WHAT IS BEING ASKED — Starting from the line in which "Women’s Pajama Set" appears, set down each line exactly through the end of the listing, and nothing else. Leave out pictures.

EXERCISE DATA —
==============================

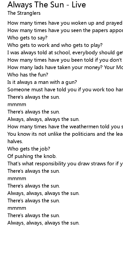 Always The Sun - Live Lyrics
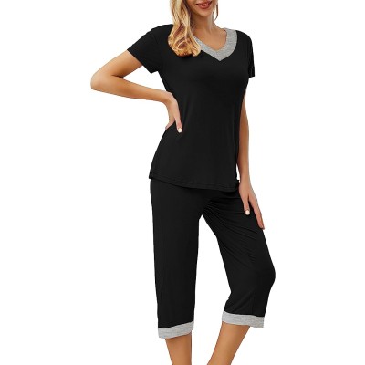 Women’s Pajama Set Sleepwear Short Sleeve Tops with Capri Pants Lounge Set
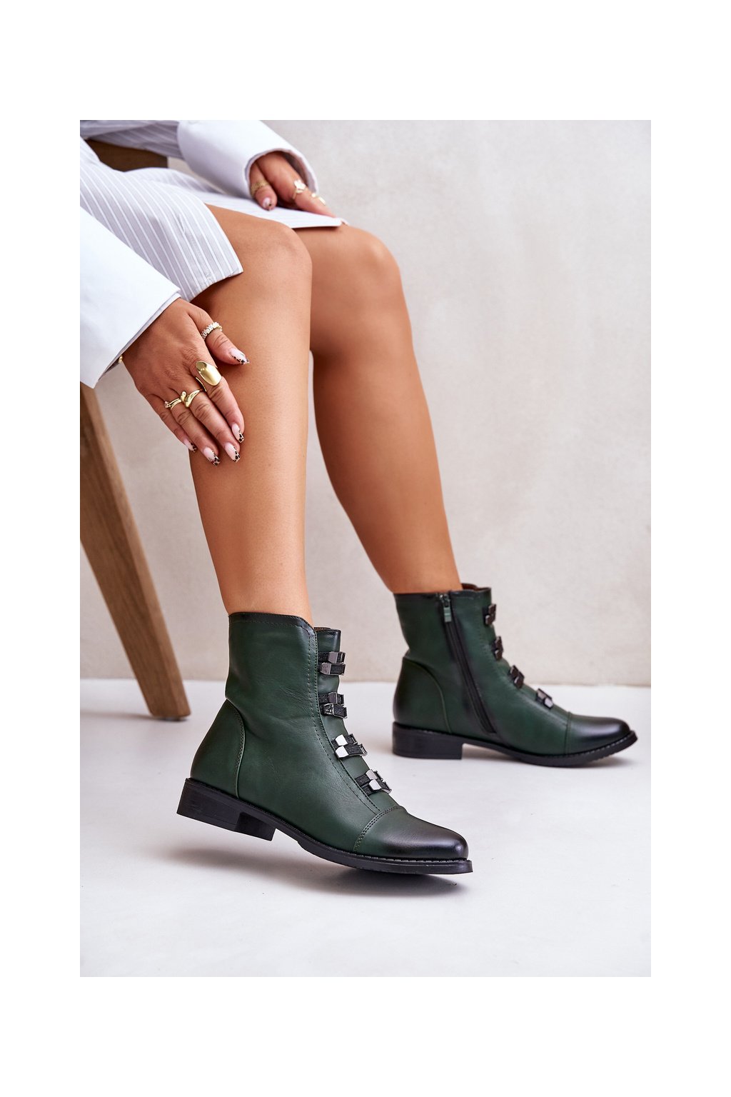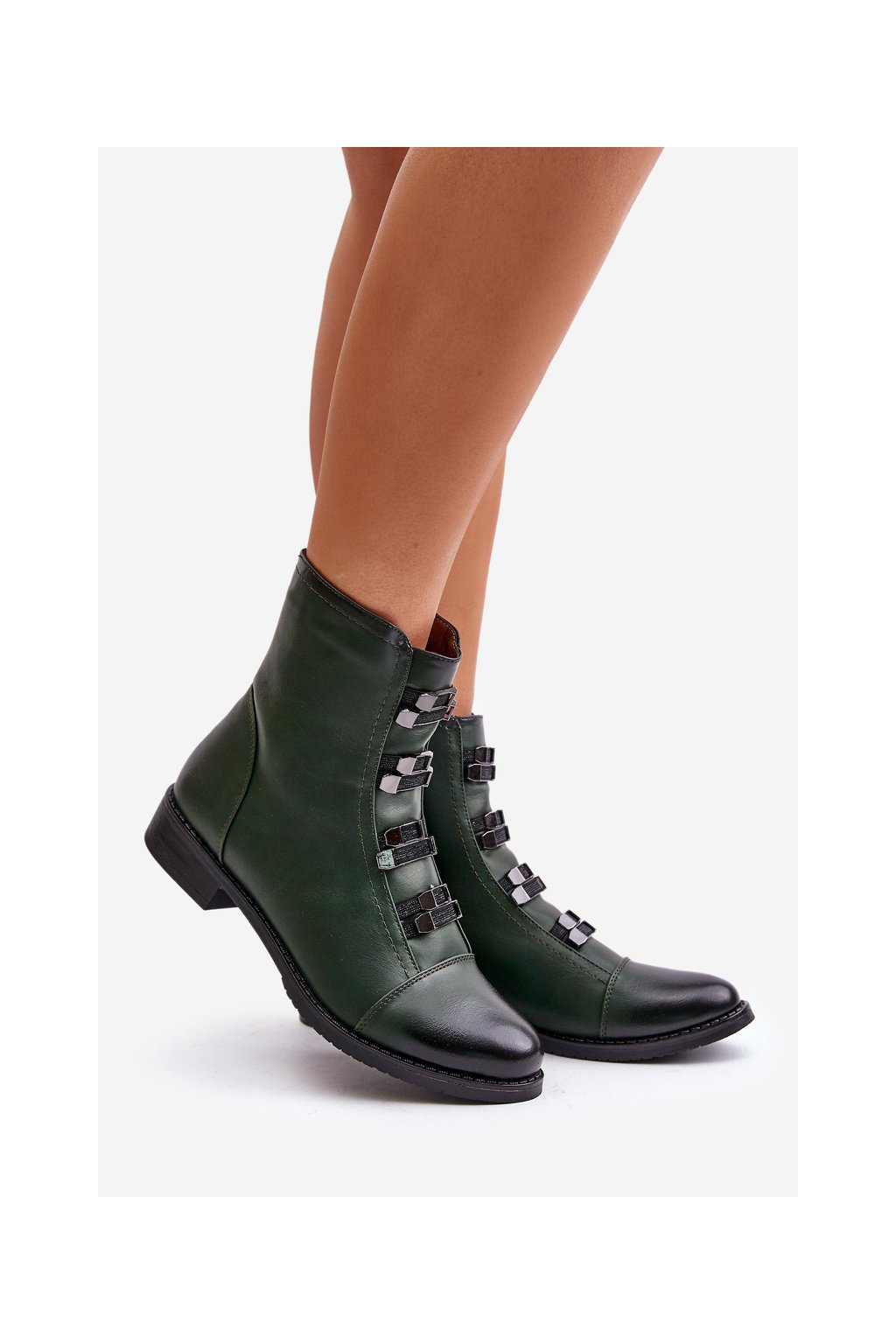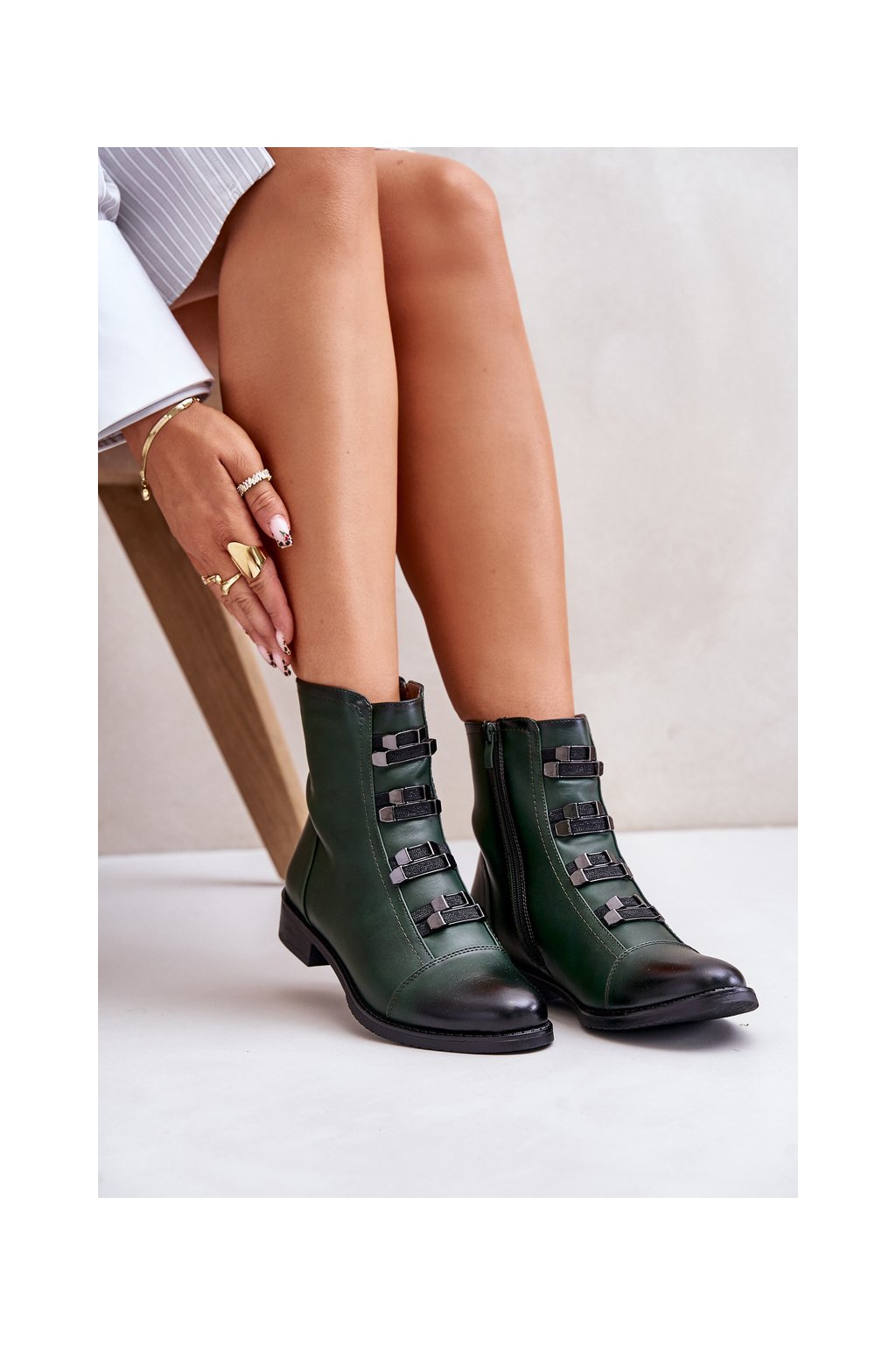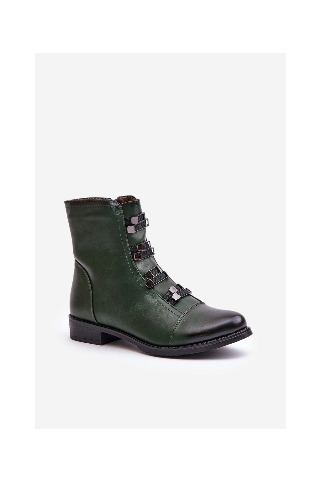Zelené dámske členkové topánky na rovnej podrážke s eko kožou, zips, ASA62-30 ZIELONY

==============================

SOLUTION FOR THIS PROBLEM —
 Women’s Pajama Set Sleepwear Short Sleeve Tops with Capri Pants Lounge Set
Zelené dámske členkové topánky na rovnej podrážke s eko kožou, zips, ASA62-30 ZIELONY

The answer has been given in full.